> [Directions for this task] Beginning with the line that contains "- Bảng điều" and ending with the line that contains "You are embarking", reproduce the lines of the entries below exactly, omitting pictures.

> [Data section]
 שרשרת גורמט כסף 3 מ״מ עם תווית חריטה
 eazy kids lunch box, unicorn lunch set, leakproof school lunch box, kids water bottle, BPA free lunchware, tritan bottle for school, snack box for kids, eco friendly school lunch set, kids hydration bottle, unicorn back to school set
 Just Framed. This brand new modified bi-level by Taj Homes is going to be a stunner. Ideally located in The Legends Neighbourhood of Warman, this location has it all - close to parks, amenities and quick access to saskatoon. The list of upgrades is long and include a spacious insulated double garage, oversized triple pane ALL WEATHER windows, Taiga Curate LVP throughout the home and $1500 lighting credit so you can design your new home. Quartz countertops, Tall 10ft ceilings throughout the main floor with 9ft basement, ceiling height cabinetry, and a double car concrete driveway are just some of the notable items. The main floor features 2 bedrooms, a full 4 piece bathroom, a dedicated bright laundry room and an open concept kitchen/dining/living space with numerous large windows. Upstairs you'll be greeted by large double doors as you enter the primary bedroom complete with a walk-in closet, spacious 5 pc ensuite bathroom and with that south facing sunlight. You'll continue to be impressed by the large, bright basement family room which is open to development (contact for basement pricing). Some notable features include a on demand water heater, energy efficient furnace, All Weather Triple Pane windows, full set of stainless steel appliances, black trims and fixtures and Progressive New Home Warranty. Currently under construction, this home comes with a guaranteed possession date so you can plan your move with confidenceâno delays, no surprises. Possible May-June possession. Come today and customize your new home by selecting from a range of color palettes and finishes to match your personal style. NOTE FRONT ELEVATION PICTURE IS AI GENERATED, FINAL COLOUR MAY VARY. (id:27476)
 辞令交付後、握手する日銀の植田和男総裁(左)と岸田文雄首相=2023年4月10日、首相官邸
==
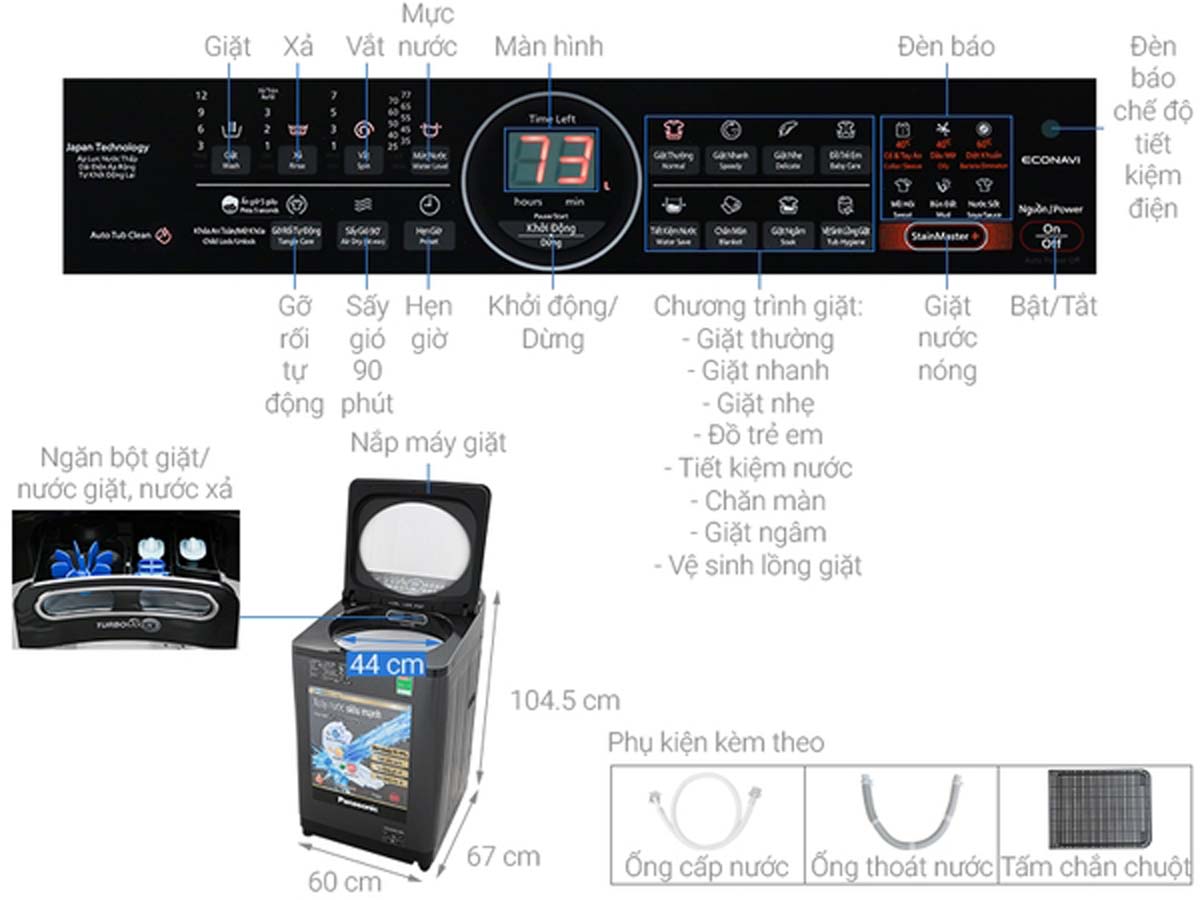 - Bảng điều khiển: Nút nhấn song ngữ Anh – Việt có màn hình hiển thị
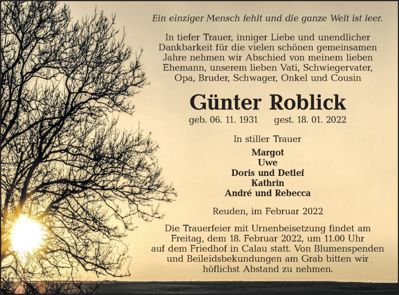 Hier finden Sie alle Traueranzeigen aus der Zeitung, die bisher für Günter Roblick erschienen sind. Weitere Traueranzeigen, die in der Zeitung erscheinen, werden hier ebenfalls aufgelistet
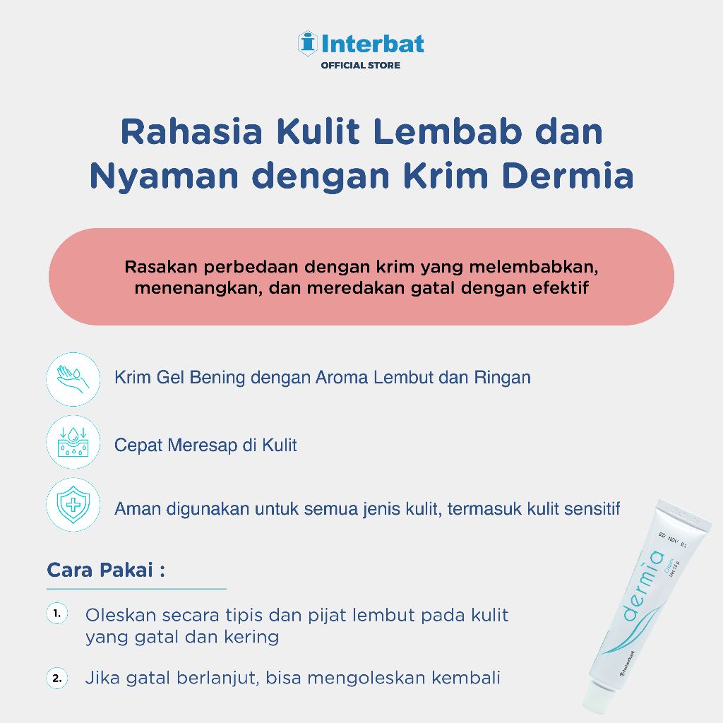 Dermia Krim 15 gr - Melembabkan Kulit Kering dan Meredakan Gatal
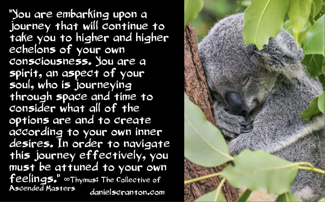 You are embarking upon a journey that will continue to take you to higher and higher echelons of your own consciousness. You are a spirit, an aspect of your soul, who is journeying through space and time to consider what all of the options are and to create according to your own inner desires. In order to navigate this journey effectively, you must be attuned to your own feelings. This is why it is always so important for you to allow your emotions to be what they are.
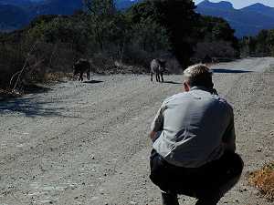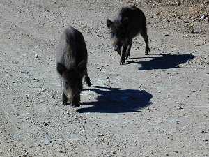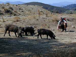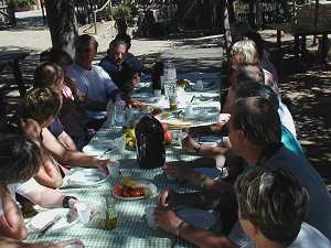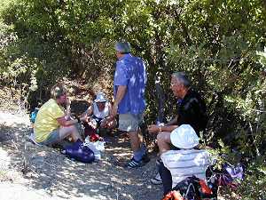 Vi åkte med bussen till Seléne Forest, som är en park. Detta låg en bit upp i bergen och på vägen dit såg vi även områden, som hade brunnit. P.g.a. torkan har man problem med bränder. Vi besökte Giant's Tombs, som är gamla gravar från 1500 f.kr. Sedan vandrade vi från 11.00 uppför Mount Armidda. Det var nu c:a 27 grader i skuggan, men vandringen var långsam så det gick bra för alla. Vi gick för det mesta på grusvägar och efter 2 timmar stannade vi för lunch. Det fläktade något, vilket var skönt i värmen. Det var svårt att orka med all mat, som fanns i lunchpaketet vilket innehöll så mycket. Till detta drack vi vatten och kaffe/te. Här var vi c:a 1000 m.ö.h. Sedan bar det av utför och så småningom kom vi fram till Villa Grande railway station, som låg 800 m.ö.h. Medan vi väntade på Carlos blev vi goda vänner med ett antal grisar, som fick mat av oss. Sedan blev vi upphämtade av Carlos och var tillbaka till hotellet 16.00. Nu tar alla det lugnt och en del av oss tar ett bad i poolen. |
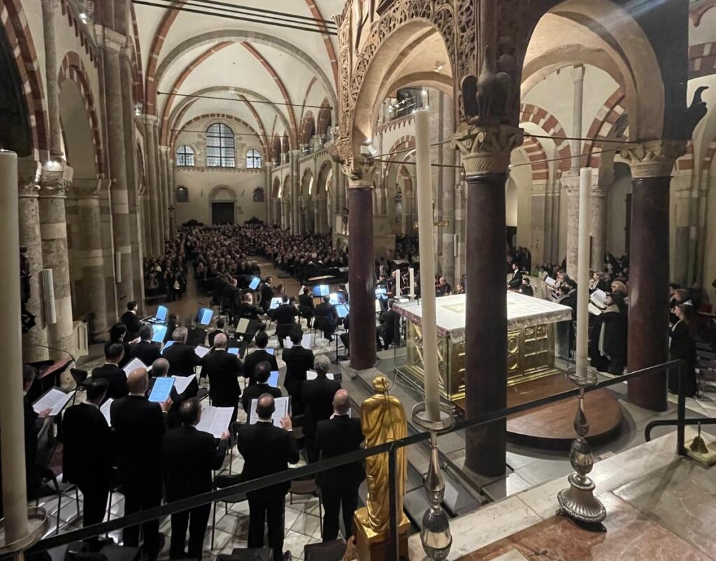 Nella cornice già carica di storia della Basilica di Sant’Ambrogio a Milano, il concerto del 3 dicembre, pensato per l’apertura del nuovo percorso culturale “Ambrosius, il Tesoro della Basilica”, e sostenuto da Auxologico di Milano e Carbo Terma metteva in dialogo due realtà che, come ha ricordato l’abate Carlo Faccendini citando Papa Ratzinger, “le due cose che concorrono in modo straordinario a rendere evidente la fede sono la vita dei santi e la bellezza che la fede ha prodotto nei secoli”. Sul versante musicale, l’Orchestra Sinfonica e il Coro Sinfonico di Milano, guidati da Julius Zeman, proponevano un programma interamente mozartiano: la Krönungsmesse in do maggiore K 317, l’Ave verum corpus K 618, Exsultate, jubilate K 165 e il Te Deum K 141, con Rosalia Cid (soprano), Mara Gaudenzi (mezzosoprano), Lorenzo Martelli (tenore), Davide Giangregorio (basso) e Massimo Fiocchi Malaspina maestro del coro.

> [Answer to this task]
 - Bảng điều khiển: Nút nhấn song ngữ Anh – Việt có màn hình hiển thị
 Hier finden Sie alle Traueranzeigen aus der Zeitung, die bisher für Günter Roblick erschienen sind. Weitere Traueranzeigen, die in der Zeitung erscheinen, werden hier ebenfalls aufgelistet
 Dermia Krim 15 gr - Melembabkan Kulit Kering dan Meredakan Gatal
 You are embarking upon a journey that will continue to take you to higher and higher echelons of your own consciousness. You are a spirit, an aspect of your soul, who is journeying through space and time to consider what all of the options are and to create according to your own inner desires. In order to navigate this journey effectively, you must be attuned to your own feelings. This is why it is always so important for you to allow your emotions to be what they are.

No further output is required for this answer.